Issue #21: We Are The World


🎶 There comes a time when we heed a certain call, when the world must come together as one… 🎶

I always like when something nostalgic pops up in the informational field of web development. It allows one to reflect on the path our industry has passed and ideate (or fantasize?) on the bright future we all may have. So this issue is largely about the retrospective research of the problems/solutions the JavaScript [meta]frameworks community came through/to during the last years, along with some news from different parts of the ecosystem.

The Good

I was really excited to read this deep piece about the React ecosystem from Mark “acemarke” Erikson — the person who definitely knows a thing or two about this topic. React, being a part of the most popular metaframeworks around, including Next, Remix, TanStack Start, and (optionally) Astro, and serving as an inspiration (in either a positive or negative way) for all the others, has become something ubiquitous on the web to the extent most building tools support it (or JSX at least) by default these days. There is everything in this article: good and bad parts, love and hate (some scandals overview included!), rants and ideas — but all in all, it gives a good perspective on where we are and where we are (and should be) heading.

This hopefully answers a lot of questions about how and why React has developed the way it has, what the influences are on React’s development process, the main goals of the React team, and where React usage patterns stand today. I also hope I’ve been able to dispel some of the confusion and FUD around the React team’s motivations and reasons for pushing in specific directions. It’s fine if people disagree with the technical directions, or decide that they don’t need React Server Components or to migrate to a larger framework. But the React team’s intentions are valid and genuine here. It’s really hard to maintain widely-used libraries and satisfy the variety of needs and usage patterns in the community. I do think the React team has done a good job overall.

The Bad

Last week, I stumbled upon the underestimated research (from Felipe Stanzani) on the positive and negative sides of Next.js and the options one has if they want to leave this popular place for a well-deserved rest. Interestingly, I have more or less the same thoughts on alternatives to Next.js myself, so it was a good experience for me to dive into, especially in terms of its depiction of the great work that happens behind the scenes with TanStack Start.

It’s important to emphasize that despite being developed by the same team that builds the entire suite of TanStack libraries, one of TanStack Start’s principles is that you are not obliged to use any of them. It’s an independent framework.

Notably, there was a good detailed comparison of Next.js and TanStack from the LogRocket guys too.

If you’re looking to move away from boilerplate-heavy workflows and want type-safe routing, smarter data fetching, and the flexibility to structure your app your way, TanStack Start might be exactly what you need.

Quite generic (and with a smell of light LLM painting for sure), as usual for the LogRocket’s team of technical writers, but at the same time insightful in terms of its side-by-side analysis, if you’re considering something like a migration, or choosing from these two options specifically.

Another notable thing that is always interesting for the JS community (even though it solidifies its flighty reputation) is the appearance of a new [meta]framework, which in general is good, even though it blurs the focus of curious developers each time. This one (literally) is based on our good friend React and brings the accent on the capabilities for cross-platform development, which is definitely a good (though not very new or original) and demanded niche in the modern world of short-span AI-driven vibe-software-craftsmanship. The One provides a good DX for developing with React and React Native (side-by-side), with some inspirations from existing solutions (like Remix, for instance) potentially simplifying migration. There are definitely some complexity tradeoffs (common for such flexible approaches, to be fair), but all in all, you’re doing something complex if you reach out to the One anyway.

The Noteworthy

Existing mainstream metaframework vendors also didn’t stand still in recent weeks and came up with a bunch of interesting milestones on their ways to perfection.

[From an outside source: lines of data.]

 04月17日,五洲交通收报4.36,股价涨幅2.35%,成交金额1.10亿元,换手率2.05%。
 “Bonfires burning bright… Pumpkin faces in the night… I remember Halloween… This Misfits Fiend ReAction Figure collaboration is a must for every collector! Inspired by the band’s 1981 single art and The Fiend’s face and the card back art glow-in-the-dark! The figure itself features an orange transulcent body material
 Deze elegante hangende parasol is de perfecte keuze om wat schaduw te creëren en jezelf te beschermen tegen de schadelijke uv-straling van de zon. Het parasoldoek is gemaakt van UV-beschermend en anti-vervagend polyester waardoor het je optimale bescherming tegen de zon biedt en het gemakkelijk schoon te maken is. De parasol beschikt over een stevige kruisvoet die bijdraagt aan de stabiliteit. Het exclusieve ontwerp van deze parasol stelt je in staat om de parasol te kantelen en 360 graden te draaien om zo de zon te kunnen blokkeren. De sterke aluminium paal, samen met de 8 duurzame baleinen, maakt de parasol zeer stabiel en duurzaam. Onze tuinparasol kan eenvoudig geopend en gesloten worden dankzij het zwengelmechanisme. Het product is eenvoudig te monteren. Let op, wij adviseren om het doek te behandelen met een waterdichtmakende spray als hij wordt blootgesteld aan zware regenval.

The Astro team published their beautiful round-number minor which introduces an interesting experiment like real-time-fetched live content collections, in addition to solidifying a lot of existing experimental features. The guys are preparing something interesting for us this week too, so I personally am all ears and all eyes. Meanwhile, if you’re into Astro too, check out the deep writeup on Astro integrations from Louis Escher — definitely something any advanced project needs to be aware of.

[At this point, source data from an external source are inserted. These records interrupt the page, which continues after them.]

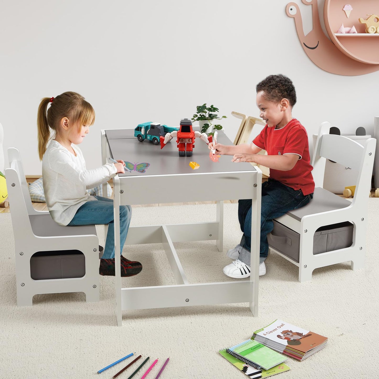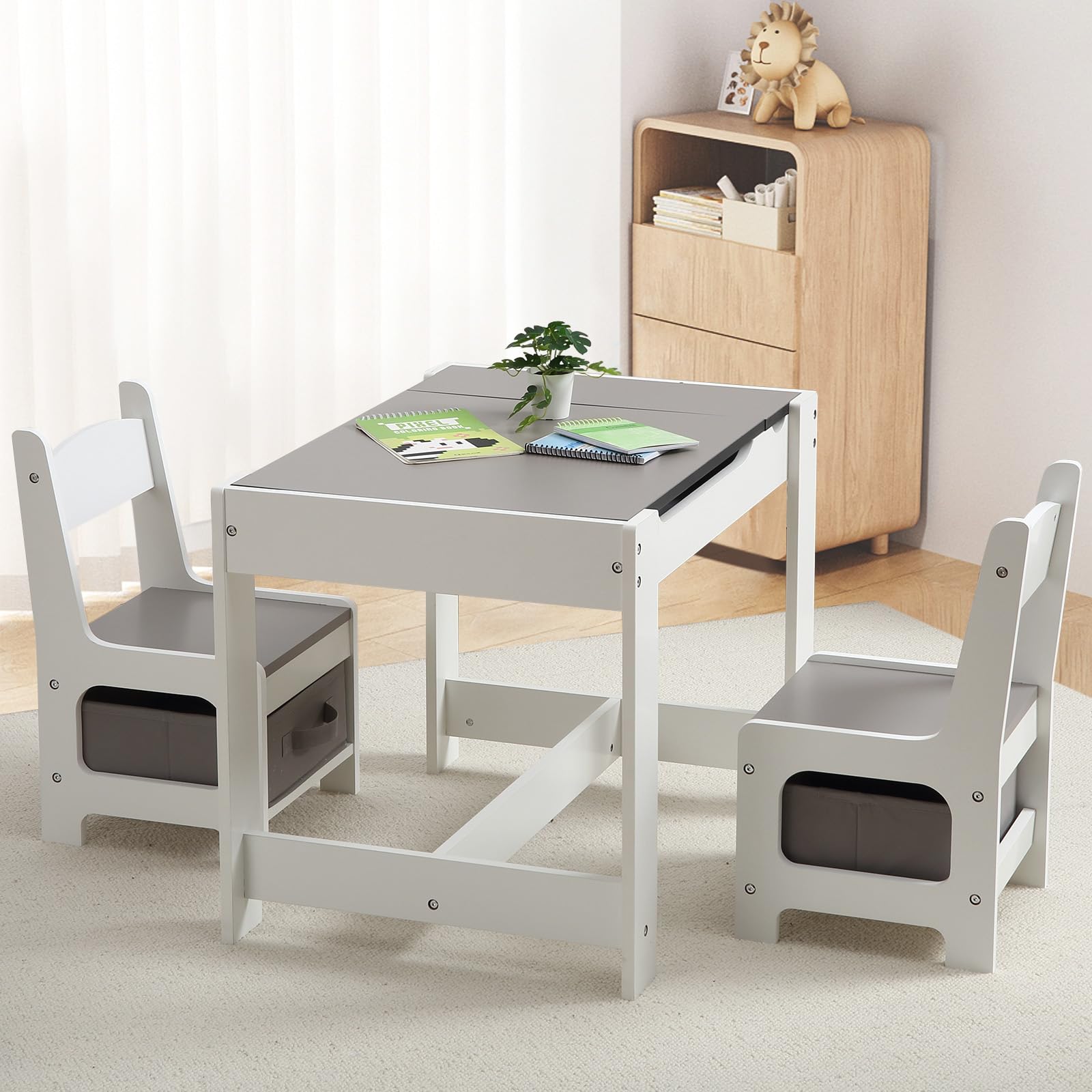 GAOMON Kids Table and Chair Set, 3 in 1 Wooden Activity Table with Storage Drawer for Toddlers Arts, Crafts, Drawing, Reading, Playroom, Toddler w/ 2 in 1 Tabletop, Storage Space, Gift for Boy Girl (Grey)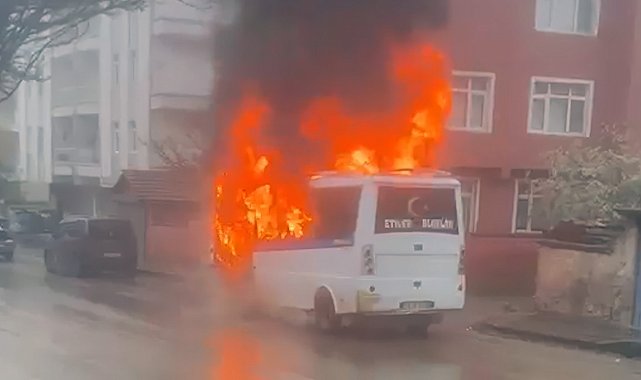 Park halindeki yolcu minibüsü alev topuna döndü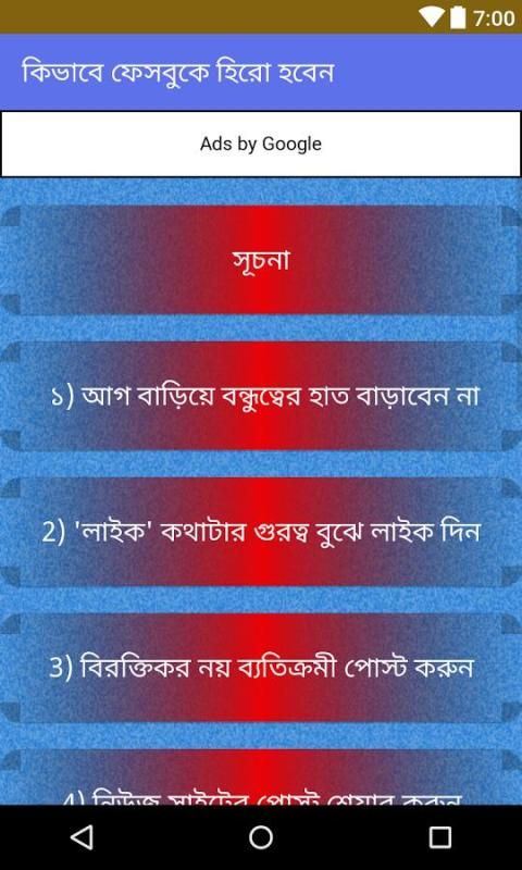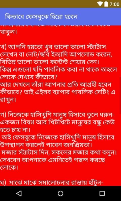 ফেসবুকে হিরো হওয়ার টিপস বাংলা নিয়ে আমরা আমাদের এই ফেসবুক হিরো অ্যাপটি বানিয়েছি যাতে করে আপনি একজন আদর্শ ফেসবুক ইউজার হিসাবে নিজেকে তুলে ধরতে পারেন. এই ফেসবুক হ্যাক এ রয়েছে বাংলা ফেসবুক স্ট্যাটাস সব কি করে দিতে হবে তা থেকে শুরু করে কিভাবে আপনার অ্যাকাউন্ট সিকিউর করতে পারবেন তার দারুন দারুন সব টিপস অ্যান্ড ট্রিকস.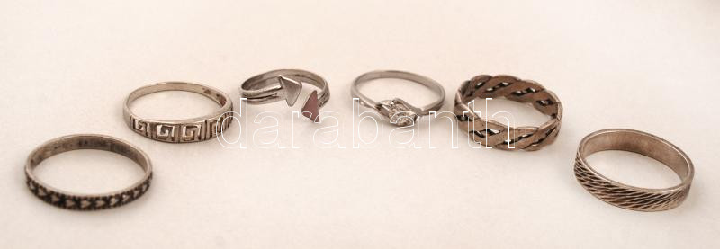 Ezüst gyűrű tétel, 6db, Ag., bruttó:10,7gr.jelzettek /Silver rings, 6pz, , Ag, gross: 10,7gr., marked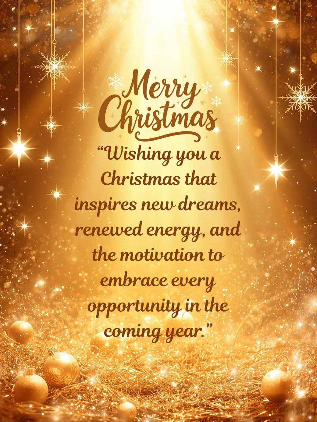 “Wishing you a Christmas that inspires new dreams, renewed energy, and the motivation to embrace every opportunity in the coming year.”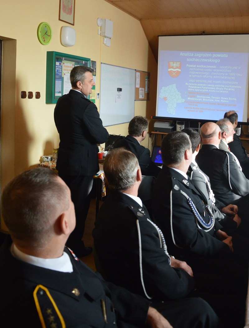 Na wstępie spotkania komendant powiatowy PSP w Sochaczewie st. bryg. Paweł Kubiak zaprezentował statystyki zdarzeń z roku 2012 dotyczące interwencji straży pożarnej jak również przedstawił zadania kontrolno-rozpoznawcze, szkolenia, finanse i logistykę straży pożarnej. Ze statystyk wynikało, iż w stosunku do roku ubiegłego nastąpił wzrost ilości pożarów aż o 184. Były one głównie spowodowane wiosennym wypalaniem traw. Wspomniał również o obecnie wprowadzanej przez Wojewodę Mazowieckiego kampanii społecznej „NIE! dla wypalania traw”.

Analog got a new minor release, too, bringing improvements and fixes to component templates and aligning the tool better with the recent Angular 20 update.

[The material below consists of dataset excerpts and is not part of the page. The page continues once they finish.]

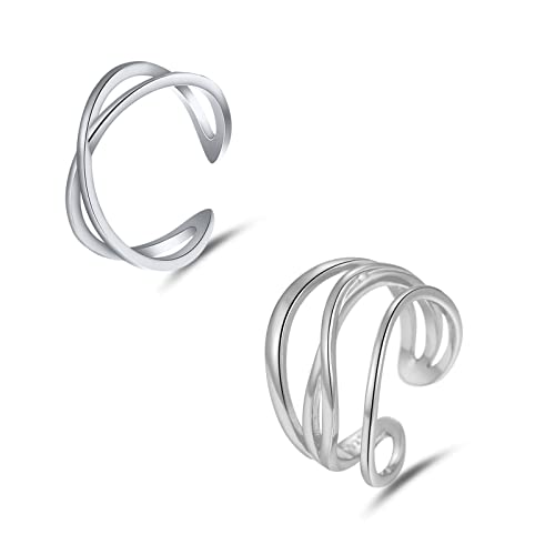 AOMIAO 2Pcs Anello Incrociato,Anello Regolabile per Donna Ragazze Gioielli,Anelli Impilabili,Anelli da Donna Bohemien Apertura Anelli,Gioielli Donna,Gioiello,Regalo per Amici,Donne,Uomini
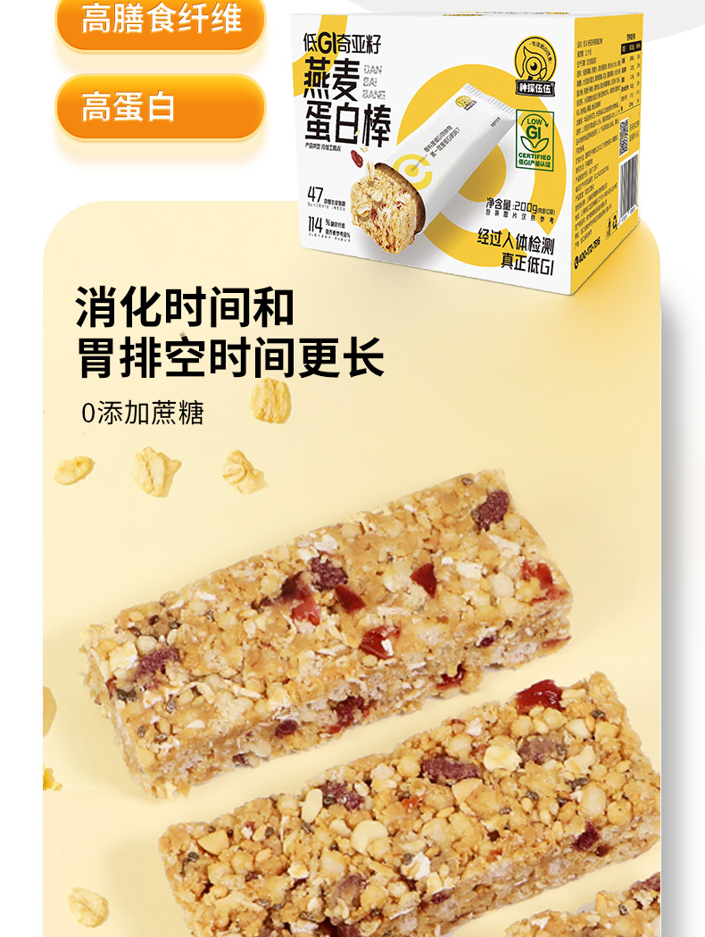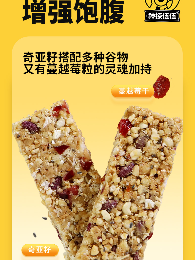 神探伍伍低升糖指数奇亚籽燕麦蛋白棒200g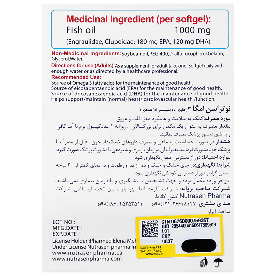- در صورت حساسیت به ماهی و مصرف داروهای ضد انعقاد خون، قبل از مصرف با پزشک خود مشورت فرمایید.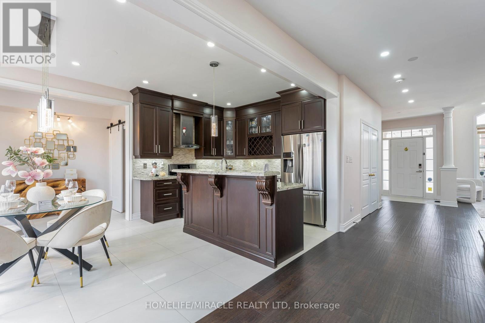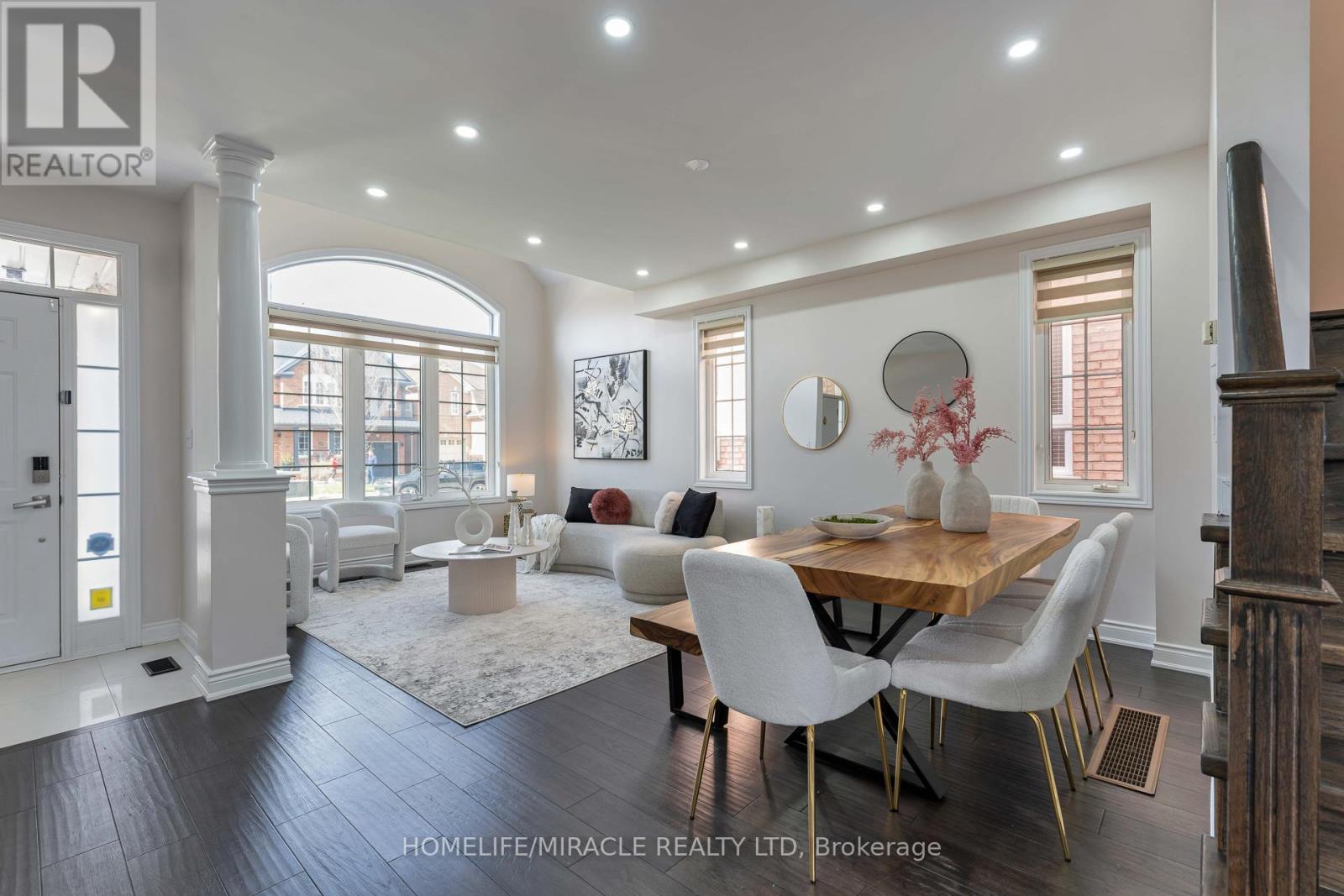 Nestled in a highly sought-after pocket of West Oak Trails, this beautifully maintained detached home offers the perfect blend of space, upgrades, and a rare nature-backed setting. The main floor features a functional and spacious layout with separate living and dining areas, a warm and inviting family room, and a bright breakfast area with a breathtaking view of the green space. The upgraded kitchen, with Quartz counter and modern finishes, flows seamlessly into the living space and opens through an oversized patio door to the outdoors-perfect for everyday living and entertaining. Step outside to a water-kissed backyard backing onto a lush green ravine and scenic trails, offering exceptional privacy with no rear neighbours. Enjoy your mornings and evenings on the newly upgraded, terrace-sized composite deck, designed for low maintenance and maximum enjoyment. The upper level offers 4 generously sized bedrooms and 2 full washrooms, filled with natural light throughout the day and complemented by pot lights for a bright, modern feel-ideal for growing families. The fully finished walkout basement adds incredible versatility, featuring 2 bedrooms, a full washroom, and a kitchen-perfect for extended family, potential in-law suite use, or additional living space. Currently configured as a premium entertainment zone, it includes an ultra-modern home theatre setup with Dolby surround sound, projector, and motorised drop-down screen, creating a true cinematic experience at home. Enjoy proximity to schools, parks, scenic trails, recreation centres, shopping at Dundas & Neyagawa, and convenient transit options including access to GO Transit-offering the perfect balance of nature, convenience, and connectivity. Book your viewing Today! Roof(2021), Home theatre(2022), Furnace(2022), Composite Deck(2022), Garage Door(2026), pot lights(2026), Patio Door(2026), Professionally painted(2026) (id:64974)

The new technical update to SvelteKit brings support for Vite 7 and Rolldown betas — and that’s really cool that the guys let everyone play with the new tools that early (especially taking into account Rolldown being directly inspired and API-guided by Svelte’s homie Rollup).

Better metaframeworkization (sorry!) comes to Hono with its new minor providing decent enhancements for routing and lots of new enablements for different kinds of tooling integrations, bringing Hono even more of the flexibility it’s already quite famous for.

All in all, everyone is cooking something good this summer, and I bet September will bring a lavish amount of cool new releases, both in the React world and in the JS metaframeworks ecosystem in general. I’m also preparing something new and fancy for this newsletter, not related to any underlying tools but rather to messaging and additional goodies which will hopefully bring some value to the readers and the wider audience. So if you like this project, I would really appreciate you spreading the word.